__Problem statement__:
Using the entries below, write out the line with "白塔寺始建于隋代,位于崇州市", the line with "For Xiaomi Redmi", and every line in between, exactly as each is written.

__Provided data__:
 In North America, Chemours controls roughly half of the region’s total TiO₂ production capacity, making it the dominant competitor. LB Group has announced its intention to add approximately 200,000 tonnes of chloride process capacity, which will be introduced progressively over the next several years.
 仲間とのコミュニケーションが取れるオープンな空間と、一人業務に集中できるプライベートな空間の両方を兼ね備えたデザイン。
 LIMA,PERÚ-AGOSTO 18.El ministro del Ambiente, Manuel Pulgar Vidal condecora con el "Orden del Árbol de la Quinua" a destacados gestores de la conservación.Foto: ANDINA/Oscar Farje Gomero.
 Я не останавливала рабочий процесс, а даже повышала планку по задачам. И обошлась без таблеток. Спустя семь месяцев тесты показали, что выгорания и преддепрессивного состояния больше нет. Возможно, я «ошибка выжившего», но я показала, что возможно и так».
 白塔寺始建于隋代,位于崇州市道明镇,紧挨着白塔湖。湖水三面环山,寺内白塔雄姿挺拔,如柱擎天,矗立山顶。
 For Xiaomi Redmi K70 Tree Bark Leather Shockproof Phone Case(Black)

...

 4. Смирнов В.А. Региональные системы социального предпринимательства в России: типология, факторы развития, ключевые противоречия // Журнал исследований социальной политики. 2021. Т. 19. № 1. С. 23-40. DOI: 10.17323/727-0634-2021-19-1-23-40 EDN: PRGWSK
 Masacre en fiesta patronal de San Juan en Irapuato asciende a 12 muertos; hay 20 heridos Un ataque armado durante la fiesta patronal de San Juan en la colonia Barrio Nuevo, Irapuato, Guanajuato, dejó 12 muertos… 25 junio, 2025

__Answer section__:
 白塔寺始建于隋代,位于崇州市道明镇,紧挨着白塔湖。湖水三面环山,寺内白塔雄姿挺拔,如柱擎天,矗立山顶。
 For Xiaomi Redmi K70 Tree Bark Leather Shockproof Phone Case(Black)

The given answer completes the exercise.